Alhamdulillah saya hanya 2 kali ke toilet setiap harinya. Untuk menghindari antrean panjang, saya ke toilet setelah sholat Maghrib dan Subuh karena pada saat-saat itulah para jamaah sedang fokus ibadah.
Beruntung tenda kami dekat terowongan sehingga tak terlalu jauh dari Jamarat. Keberadaan terowongan juga membantu mengurangi panas terik yang menyengat, walau pernah terjadi tragedi beberapa tahun lalu karena jamaah saling berdesakan.Â
Sekarang sudah diatur jamaah dari maktab atau tenda mana saja yang boleh melintas sehingga tidak terjadi penumpukan jamaah pada satu waktu.
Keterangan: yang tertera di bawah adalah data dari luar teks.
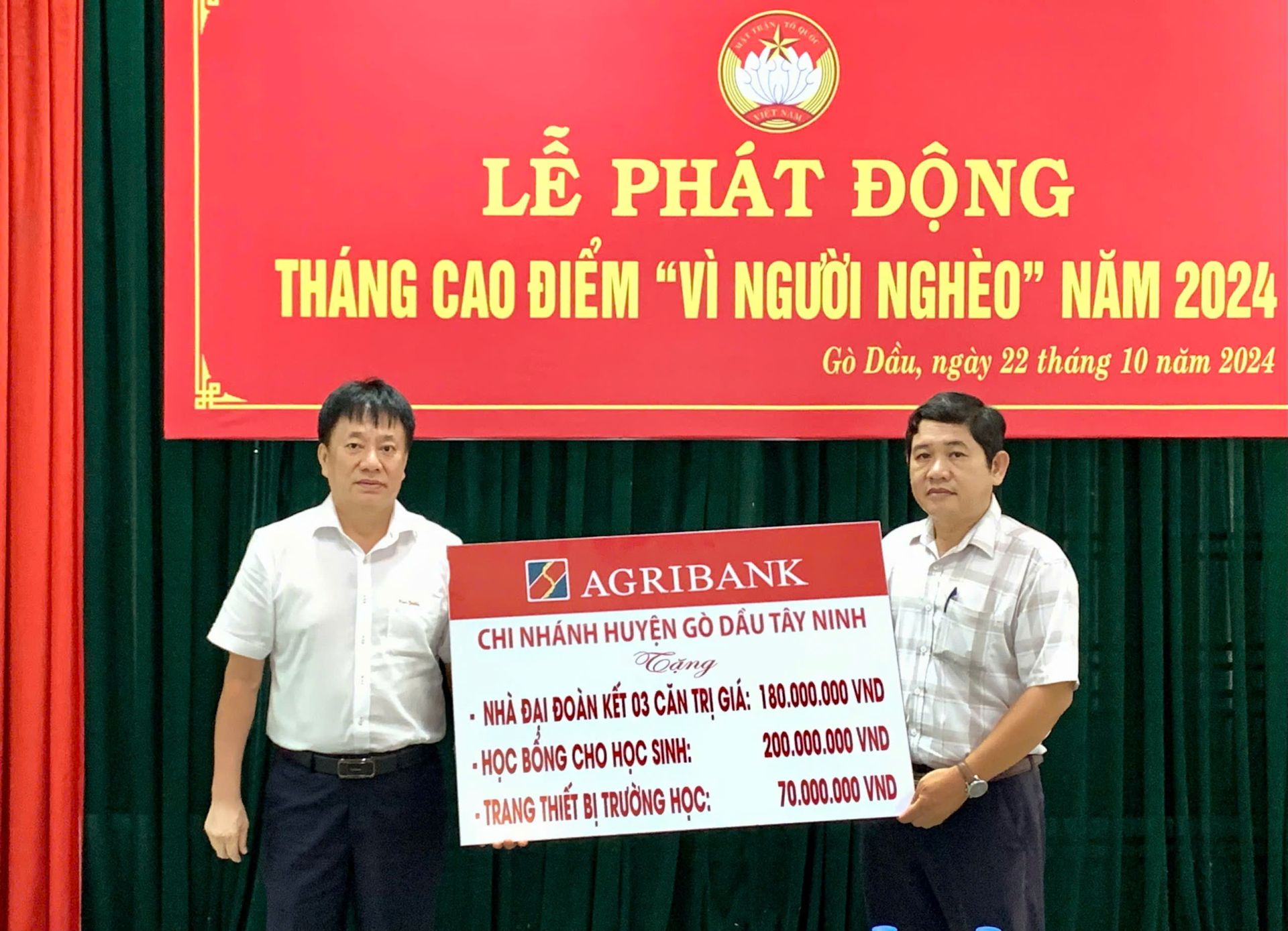 Tại lễ phát động, Ngân hàng Nông nghiệp và Phát triển nông thôn Việt Nam chi nhánh huyện Gò Dầu trao tặng biểu trưng 3 căn nhà đại đoàn kết, 200 suất học bổng và trang thiết bị học tập cho học sinh, tổng trị giá 450 triệu đồng; Ban cai quản họ đạo Cao Đài thị trấn Gò Dầu trao biểu trưng tặng 1 căn nhà đại đoàn kết trị giá 90 triệu đồng; UBND huyện ủng hộ 1 triệu đồng.

Kalau terowongan penuh petugas langsung menutup jalan dan menggembok pagar maktab agar tidak ada yang memaksakan diri masuk ke terowongan.
Awan tampak mendung melindungi jamaah yang sedang melempar jumroh. Saat perjalanan pulang, hujan rintik-rintik mulai menerpa, lama-lama menjadi gerimis kecil hingga tiba di tenda.
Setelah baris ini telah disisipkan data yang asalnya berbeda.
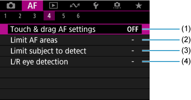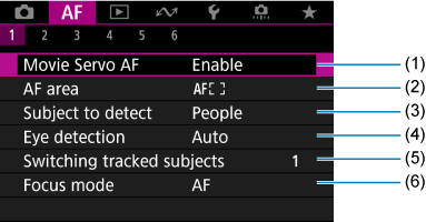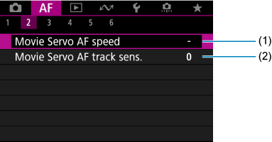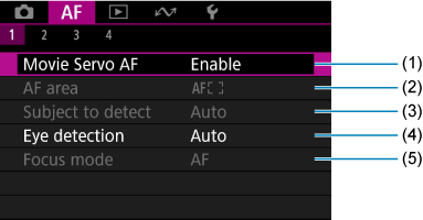 Tab Menus: AF (Movie Recording)

Perjalanan hari pertama lancar dan tak terlalu ramai jamaah karena sudah diatur per maktab waktu untuk melempar jumroh. Hari pertama pula kami langsung tahallul atau mencukur rambut usai melempar batu dan menanggalkan baju ihrom berganti dengan pakaian biasa.
Esoknya pelemparan jumroh dilakukan di tiga tempat sekaligus, Jumratul Ula, Wustho, dan Aqabah. Menjelang masuk ke gedung Jamarat hujan deras melanda disertai dengan angin ribut. Sebagian jalan banjir semata kaki, namun perjalanan tetap lancar hingga ke tempat pelemparan batu.
Hujan masih lebat ketika kembali ke kemah membuat baju basah kuyup. Jalanan banjir dekat tenda maktab memaksa kami harus memutar agak jauh untuk menuju tenda. Semakin ramainya jamaah di arah sebaliknya membuat jalan ke maktab juga ditutup sehingga harus lewat jembatan untuk menyeberanginya.
Untunglah semuanya ketemu dalam waktu singkat dan terpaksa harus menata kembali tempat berbaring karena basah akibat banjir sesaat.